When Worship and Praise is Shelved

Can Christians be honest in admitting that praise is absent?

Chris Tomlin sings a song that has grabbed the core of my heart. While the lyrics of “I Lift My Hands” speak of God’s love, mercy, & faithfulness, it is a repeated refrain within the song that seizes me. It’s not the talk of God as our strength or refuge or healer—which can be found in the song—but this:

I lift my hands to believe again.

What? Believe again? Could it possibly mean that we once believed and now –DOUBT? Did we once lift our hands in worship and glorious praise only to now stand with wilted head and dangling hands in our pain, doubt and disbelief?

Psalm 42, whether written by David or some other appointed author, echoes the honest cry of someone who was intimately familiar with a sovereign God. The Psalmist begins with what appears to be a great Psalm of adoring praise to God, “As the deer pants for the water brooks, so my soul pants for you, O God.” But this isn’t a prayer of praise. It is a cry of desperation. This is not, NOT a Psalm of joyful worship.

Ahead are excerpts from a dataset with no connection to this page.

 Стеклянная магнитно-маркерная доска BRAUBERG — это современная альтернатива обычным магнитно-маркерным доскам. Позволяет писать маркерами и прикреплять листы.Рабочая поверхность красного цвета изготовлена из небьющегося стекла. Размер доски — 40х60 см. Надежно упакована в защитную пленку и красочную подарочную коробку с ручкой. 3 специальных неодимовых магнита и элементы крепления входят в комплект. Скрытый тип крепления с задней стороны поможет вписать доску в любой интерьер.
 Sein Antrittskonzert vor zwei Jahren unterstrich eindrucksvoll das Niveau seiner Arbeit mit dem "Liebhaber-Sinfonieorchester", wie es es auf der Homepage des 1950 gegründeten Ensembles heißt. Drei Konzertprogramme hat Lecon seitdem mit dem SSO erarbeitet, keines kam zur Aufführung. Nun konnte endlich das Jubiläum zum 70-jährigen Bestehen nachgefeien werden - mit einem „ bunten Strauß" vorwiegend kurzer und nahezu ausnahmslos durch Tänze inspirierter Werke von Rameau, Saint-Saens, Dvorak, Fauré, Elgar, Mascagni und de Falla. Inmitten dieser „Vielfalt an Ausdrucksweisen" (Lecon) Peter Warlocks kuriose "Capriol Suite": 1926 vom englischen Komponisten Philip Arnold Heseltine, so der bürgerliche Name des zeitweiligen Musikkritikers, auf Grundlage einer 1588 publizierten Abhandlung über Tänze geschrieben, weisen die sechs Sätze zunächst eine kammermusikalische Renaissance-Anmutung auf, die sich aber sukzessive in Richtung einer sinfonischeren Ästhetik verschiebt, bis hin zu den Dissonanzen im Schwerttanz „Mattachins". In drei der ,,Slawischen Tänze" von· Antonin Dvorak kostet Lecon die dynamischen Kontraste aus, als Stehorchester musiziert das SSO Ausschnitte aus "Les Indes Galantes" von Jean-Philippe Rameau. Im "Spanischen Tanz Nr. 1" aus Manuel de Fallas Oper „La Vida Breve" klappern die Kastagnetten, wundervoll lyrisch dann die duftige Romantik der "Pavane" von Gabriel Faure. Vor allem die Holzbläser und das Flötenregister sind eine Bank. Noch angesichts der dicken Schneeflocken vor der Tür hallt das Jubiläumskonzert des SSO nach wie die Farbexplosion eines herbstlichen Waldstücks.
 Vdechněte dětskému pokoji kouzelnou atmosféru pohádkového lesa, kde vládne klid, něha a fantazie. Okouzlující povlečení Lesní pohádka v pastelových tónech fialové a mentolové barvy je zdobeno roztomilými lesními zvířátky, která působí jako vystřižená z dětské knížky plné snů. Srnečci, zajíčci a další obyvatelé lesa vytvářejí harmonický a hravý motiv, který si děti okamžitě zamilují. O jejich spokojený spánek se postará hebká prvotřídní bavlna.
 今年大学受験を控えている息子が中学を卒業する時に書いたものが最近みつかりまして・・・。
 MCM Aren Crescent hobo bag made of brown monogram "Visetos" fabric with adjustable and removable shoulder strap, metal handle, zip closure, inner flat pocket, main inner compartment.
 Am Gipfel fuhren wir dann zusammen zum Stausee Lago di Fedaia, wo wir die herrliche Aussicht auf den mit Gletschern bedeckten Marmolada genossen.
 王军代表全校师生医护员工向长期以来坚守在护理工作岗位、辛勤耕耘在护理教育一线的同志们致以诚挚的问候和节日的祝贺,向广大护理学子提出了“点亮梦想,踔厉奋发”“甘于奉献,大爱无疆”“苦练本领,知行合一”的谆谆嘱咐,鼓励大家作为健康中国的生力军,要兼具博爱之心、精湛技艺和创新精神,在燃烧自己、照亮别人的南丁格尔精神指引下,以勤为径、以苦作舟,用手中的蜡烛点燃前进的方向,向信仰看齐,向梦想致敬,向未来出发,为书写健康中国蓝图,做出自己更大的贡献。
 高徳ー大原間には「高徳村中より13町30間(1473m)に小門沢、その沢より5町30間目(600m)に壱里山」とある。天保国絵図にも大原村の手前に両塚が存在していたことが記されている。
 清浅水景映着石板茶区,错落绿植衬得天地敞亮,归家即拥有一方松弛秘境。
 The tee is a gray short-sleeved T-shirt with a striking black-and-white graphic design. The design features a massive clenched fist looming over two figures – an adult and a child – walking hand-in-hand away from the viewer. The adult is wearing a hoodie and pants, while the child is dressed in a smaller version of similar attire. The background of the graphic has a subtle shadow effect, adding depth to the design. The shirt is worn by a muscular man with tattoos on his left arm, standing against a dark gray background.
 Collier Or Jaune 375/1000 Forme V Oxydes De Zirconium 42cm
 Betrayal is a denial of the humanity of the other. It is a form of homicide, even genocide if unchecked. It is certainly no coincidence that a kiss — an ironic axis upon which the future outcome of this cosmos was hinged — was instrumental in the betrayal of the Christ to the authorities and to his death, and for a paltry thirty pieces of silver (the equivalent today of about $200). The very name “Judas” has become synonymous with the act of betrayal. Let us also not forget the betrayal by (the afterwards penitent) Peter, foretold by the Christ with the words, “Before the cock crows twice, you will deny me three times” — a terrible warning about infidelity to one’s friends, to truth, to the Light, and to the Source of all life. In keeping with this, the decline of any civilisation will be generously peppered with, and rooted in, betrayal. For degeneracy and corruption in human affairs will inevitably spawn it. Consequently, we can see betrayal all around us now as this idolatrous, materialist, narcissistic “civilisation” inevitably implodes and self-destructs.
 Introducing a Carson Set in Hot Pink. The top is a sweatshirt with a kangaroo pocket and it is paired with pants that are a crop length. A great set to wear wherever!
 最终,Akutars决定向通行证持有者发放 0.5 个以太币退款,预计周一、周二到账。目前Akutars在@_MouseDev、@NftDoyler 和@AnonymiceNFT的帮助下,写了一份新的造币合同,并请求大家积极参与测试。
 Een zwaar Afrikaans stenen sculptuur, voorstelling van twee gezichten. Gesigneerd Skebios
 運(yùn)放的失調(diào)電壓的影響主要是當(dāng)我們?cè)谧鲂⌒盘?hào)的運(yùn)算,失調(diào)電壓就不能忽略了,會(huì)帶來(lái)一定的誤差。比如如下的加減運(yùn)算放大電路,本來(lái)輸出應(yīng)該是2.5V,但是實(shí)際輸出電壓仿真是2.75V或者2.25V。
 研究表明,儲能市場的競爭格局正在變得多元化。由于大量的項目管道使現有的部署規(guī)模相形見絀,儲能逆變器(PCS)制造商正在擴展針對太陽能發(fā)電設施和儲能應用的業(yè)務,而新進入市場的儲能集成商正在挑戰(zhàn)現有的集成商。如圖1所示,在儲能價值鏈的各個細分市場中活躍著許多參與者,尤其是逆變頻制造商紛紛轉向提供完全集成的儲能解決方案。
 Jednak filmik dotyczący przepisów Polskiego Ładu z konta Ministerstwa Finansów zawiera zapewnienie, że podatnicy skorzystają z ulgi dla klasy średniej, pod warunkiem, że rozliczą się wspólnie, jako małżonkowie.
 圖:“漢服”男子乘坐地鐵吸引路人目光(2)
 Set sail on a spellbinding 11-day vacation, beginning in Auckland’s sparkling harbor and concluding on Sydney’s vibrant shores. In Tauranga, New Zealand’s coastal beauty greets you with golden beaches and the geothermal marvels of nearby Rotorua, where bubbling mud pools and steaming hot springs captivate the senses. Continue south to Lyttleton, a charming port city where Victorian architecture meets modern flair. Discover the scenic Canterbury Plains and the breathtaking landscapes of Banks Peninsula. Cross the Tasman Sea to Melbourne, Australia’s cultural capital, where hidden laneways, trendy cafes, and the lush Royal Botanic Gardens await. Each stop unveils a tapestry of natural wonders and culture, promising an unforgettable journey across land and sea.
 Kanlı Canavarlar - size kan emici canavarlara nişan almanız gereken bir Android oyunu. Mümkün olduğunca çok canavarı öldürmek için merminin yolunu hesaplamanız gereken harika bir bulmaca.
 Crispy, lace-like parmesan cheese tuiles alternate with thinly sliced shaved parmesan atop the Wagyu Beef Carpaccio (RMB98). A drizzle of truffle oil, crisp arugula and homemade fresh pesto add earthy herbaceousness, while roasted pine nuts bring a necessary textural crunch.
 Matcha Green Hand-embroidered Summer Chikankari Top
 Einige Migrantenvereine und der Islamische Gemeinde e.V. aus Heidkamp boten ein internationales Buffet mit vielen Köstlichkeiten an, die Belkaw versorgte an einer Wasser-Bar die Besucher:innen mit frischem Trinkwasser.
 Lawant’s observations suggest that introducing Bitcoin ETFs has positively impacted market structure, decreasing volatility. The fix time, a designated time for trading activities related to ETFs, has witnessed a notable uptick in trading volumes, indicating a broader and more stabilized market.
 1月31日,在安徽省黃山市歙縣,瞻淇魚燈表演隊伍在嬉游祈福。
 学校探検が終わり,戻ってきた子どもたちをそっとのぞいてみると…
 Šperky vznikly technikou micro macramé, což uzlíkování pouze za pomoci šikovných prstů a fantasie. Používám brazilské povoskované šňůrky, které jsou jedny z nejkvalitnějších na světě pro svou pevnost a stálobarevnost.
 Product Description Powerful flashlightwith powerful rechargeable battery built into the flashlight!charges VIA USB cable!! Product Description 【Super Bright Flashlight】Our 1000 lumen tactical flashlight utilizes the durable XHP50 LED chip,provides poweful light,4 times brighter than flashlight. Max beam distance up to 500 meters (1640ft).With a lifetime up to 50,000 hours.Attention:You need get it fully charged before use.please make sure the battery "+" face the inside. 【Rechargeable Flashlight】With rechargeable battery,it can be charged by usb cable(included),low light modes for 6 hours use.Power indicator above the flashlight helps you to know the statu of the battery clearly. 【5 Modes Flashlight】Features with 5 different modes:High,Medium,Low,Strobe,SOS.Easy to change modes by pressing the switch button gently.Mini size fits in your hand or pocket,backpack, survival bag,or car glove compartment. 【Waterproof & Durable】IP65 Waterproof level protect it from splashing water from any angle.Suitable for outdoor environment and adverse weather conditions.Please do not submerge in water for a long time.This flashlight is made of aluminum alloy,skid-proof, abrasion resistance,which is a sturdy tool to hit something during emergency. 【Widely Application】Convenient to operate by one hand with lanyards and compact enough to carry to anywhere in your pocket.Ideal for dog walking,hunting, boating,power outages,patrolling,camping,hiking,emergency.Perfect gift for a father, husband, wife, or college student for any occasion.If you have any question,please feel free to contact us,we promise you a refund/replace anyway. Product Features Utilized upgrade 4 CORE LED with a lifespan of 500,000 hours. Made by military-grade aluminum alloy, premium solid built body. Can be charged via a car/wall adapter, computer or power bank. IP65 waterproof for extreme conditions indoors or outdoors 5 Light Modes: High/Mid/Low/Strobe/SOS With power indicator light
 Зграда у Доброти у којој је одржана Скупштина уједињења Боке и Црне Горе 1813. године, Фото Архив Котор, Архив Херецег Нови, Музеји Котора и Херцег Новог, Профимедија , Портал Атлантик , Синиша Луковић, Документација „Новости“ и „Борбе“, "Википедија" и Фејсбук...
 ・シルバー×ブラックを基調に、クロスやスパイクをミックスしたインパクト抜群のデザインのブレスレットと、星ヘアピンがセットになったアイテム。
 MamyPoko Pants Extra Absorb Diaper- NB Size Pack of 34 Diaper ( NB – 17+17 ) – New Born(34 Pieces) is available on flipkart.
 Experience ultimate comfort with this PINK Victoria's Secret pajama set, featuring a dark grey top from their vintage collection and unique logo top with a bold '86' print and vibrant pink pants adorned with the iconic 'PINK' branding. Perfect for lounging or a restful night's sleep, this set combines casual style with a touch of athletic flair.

God is absent in his life. God is—at the very least—allowing a tremendous amount of pain in the author’s life. This isn’t the prayer of a joyous follower of God shouting out the celebrated attributes of God. Instead, it’s the agonizing tearful (vs. 3) howl of a man in agony. This is a man who can remember the seasons of the thrill of worship with other followers of God (vs. 4) but who now is only filled with despair (vs. 5).

In this Psalm, twice, we read these words “Hope in God, for I shall again praise Him.” He pens these words in verse 5 and again in verse 11. Yet, he is not done. He repeats it again in verse 5 of Psalm 43.

What do the words “I shall AGAIN praise Him” tell us? One thing it tells us is that we endure periods of life where praise is absent. There are seasons when we can’t lift our hands in worship. There are days, weeks, months and even years when the presence and glory of God is unfelt, unseen, unfindable.

This is one reason why the Chris Tomlin song resonates with so many—it gives those of us dwelling in the midst of such agonizing periods of life, hope. We find comfort knowing genuine seekers of God, yes faithful Christians, experience long bouts of agonizing distance from God. Thankfully, Psalm 42 is a God-inspired passage affirming the need to speak honestly even when our pain results in periods of worship-less existence.

For those who don’t know this depth of pain—at least not yet—they must grasp how Psalm 42 is a loud affirmation of the need for us to empathetically come along side our sisters and brothers in Christ whose pain has stolen the ability to offer any form of open worship.

Whether it is “me” or “thee” may the words of Psalm 42 be ours: I SHALL again praise Him.